**SUPPLIED MATERIAL:**

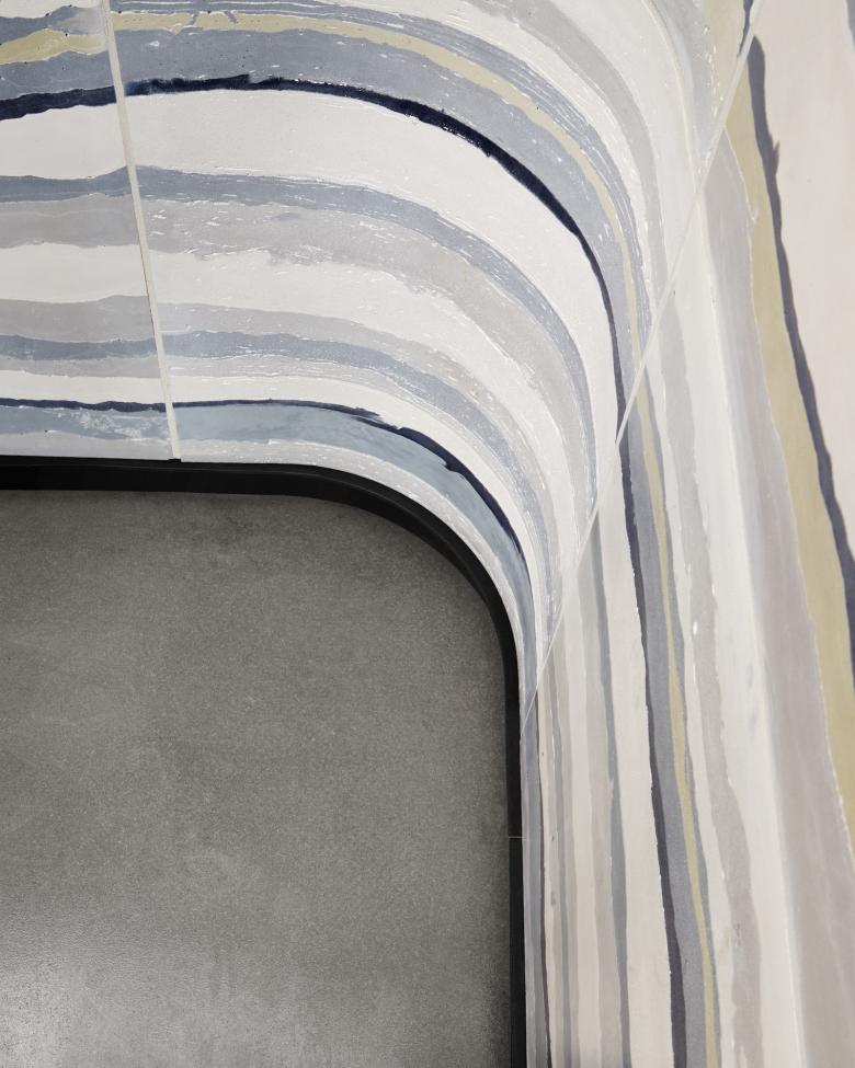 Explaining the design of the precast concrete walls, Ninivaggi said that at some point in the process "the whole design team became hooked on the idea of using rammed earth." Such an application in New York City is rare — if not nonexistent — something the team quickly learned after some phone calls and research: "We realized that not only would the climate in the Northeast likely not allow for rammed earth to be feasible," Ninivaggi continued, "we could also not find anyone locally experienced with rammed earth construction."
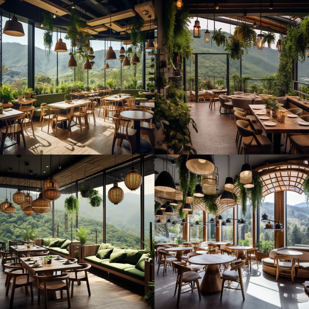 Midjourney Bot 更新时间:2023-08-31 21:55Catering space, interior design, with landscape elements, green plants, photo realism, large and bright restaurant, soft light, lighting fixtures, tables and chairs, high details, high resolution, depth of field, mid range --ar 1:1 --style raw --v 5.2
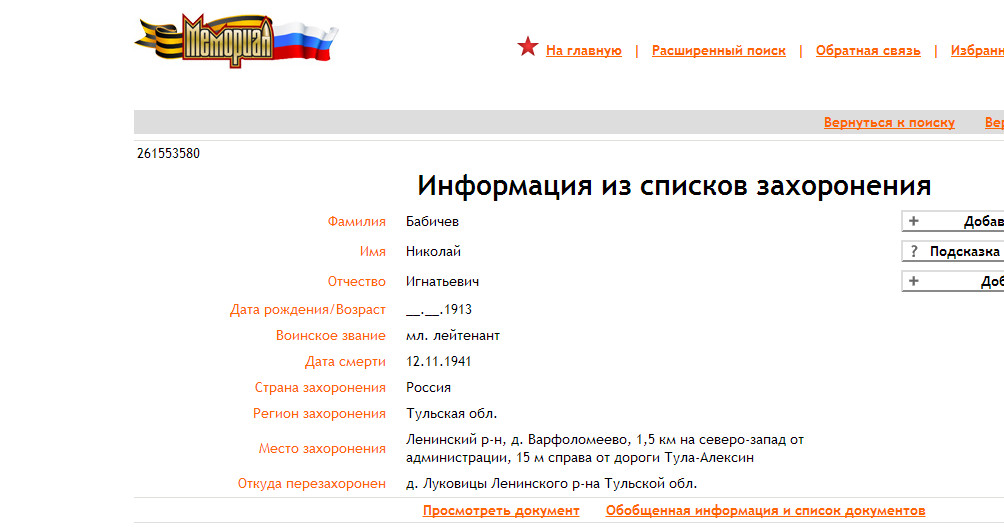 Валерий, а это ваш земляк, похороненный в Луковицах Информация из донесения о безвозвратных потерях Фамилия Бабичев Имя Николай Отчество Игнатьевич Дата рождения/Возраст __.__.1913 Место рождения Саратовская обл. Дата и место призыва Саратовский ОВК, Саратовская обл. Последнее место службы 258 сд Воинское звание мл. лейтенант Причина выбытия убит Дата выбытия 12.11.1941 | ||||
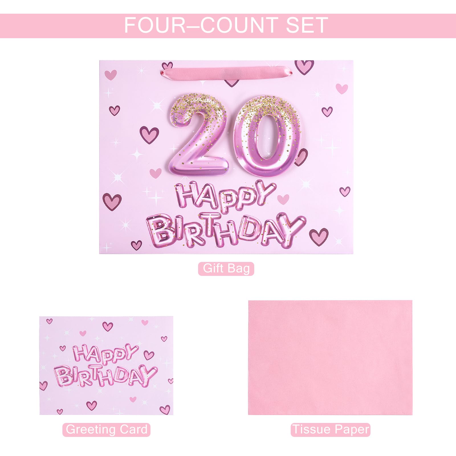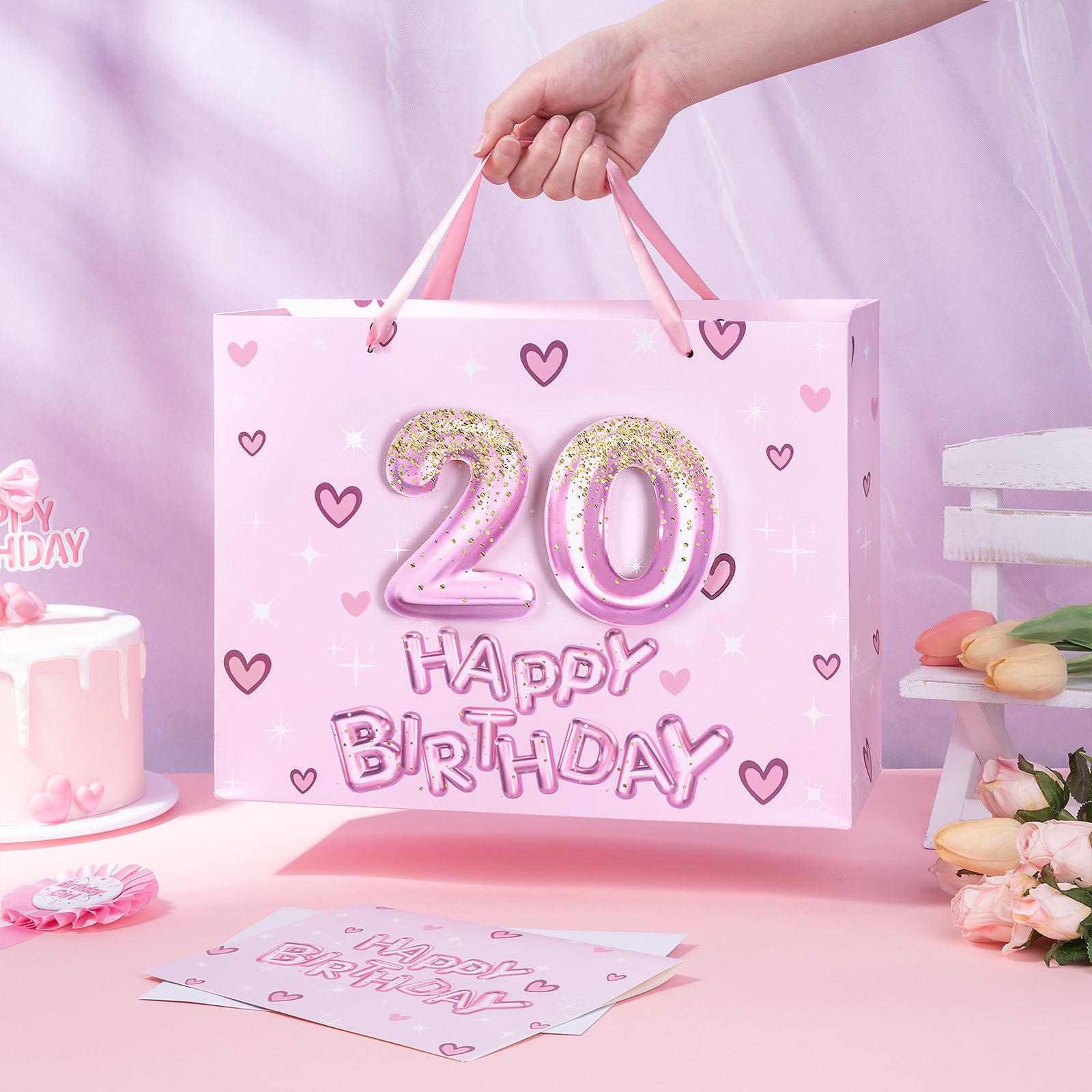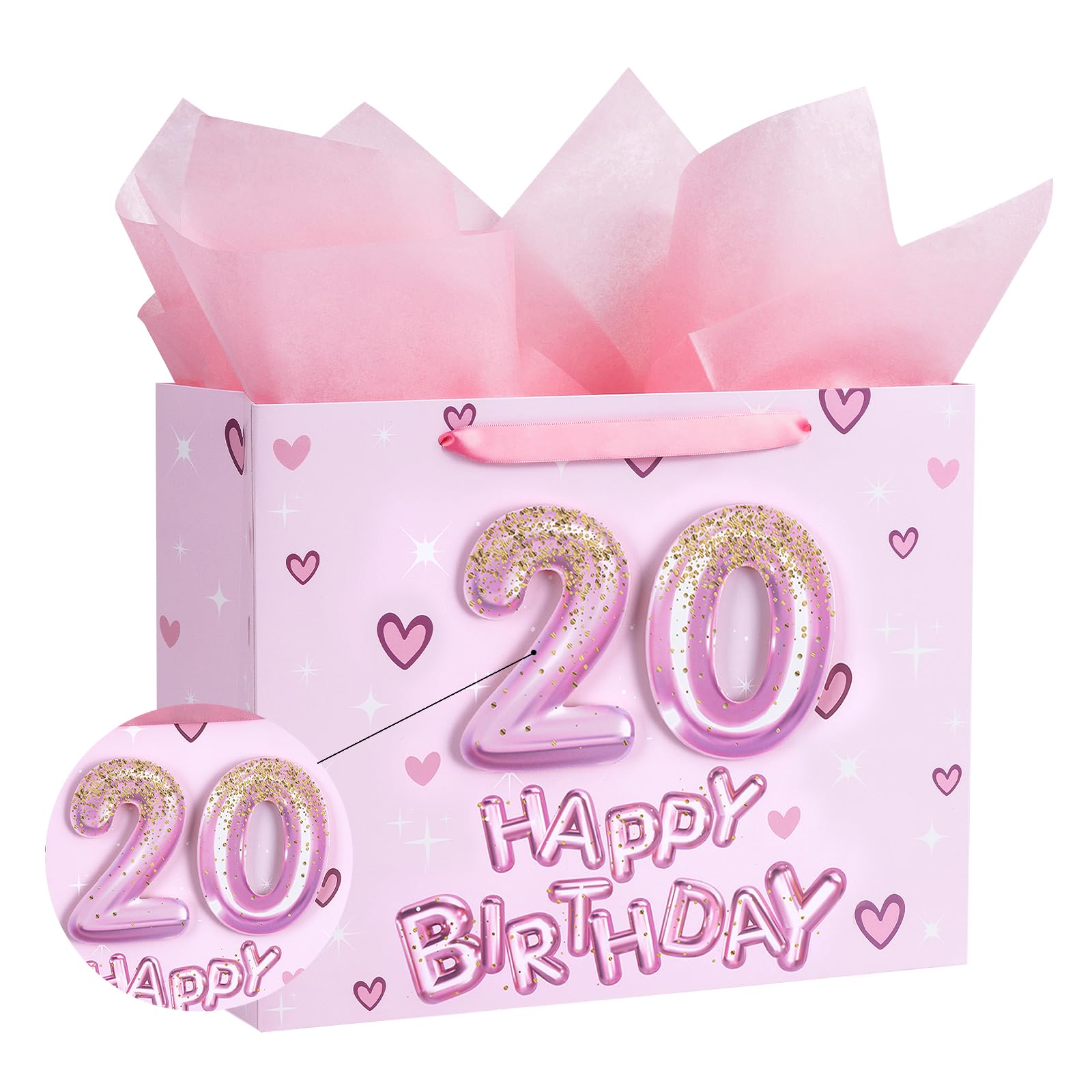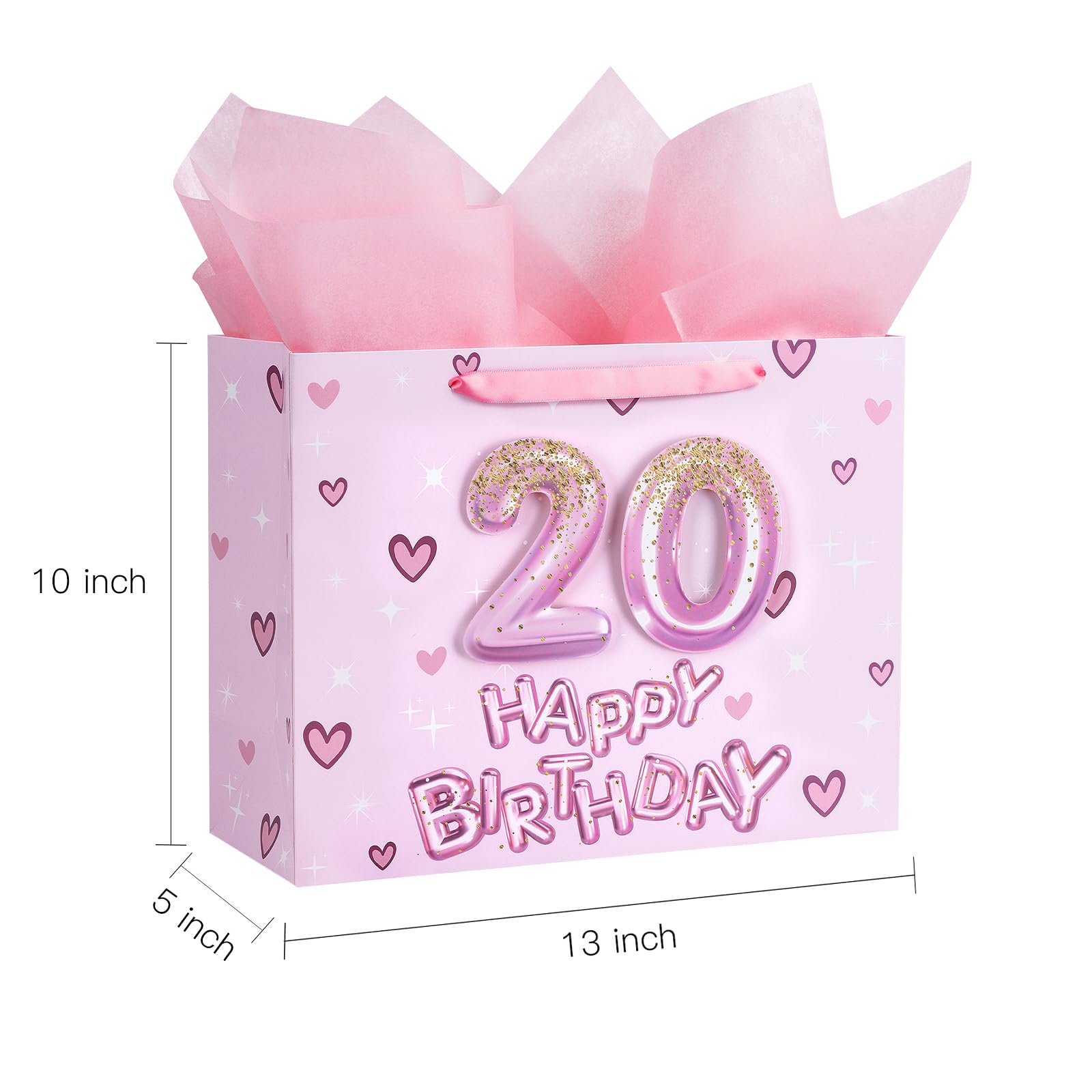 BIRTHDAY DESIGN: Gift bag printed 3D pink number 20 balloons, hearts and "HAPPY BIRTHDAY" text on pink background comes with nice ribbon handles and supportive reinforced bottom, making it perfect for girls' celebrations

**TASK GOAL:**
With the pictures removed, write out exactly the lines from the line containing "Midjourney Bot 更新时间:2023-08-31" through the last line of the material above, both included.

**YOUR RESPONSE:**
 Midjourney Bot 更新时间:2023-08-31 21:55Catering space, interior design, with landscape elements, green plants, photo realism, large and bright restaurant, soft light, lighting fixtures, tables and chairs, high details, high resolution, depth of field, mid range --ar 1:1 --style raw --v 5.2
 Валерий, а это ваш земляк, похороненный в Луковицах Информация из донесения о безвозвратных потерях Фамилия Бабичев Имя Николай Отчество Игнатьевич Дата рождения/Возраст __.__.1913 Место рождения Саратовская обл. Дата и место призыва Саратовский ОВК, Саратовская обл. Последнее место службы 258 сд Воинское звание мл. лейтенант Причина выбытия убит Дата выбытия 12.11.1941 | ||||
 BIRTHDAY DESIGN: Gift bag printed 3D pink number 20 balloons, hearts and "HAPPY BIRTHDAY" text on pink background comes with nice ribbon handles and supportive reinforced bottom, making it perfect for girls' celebrations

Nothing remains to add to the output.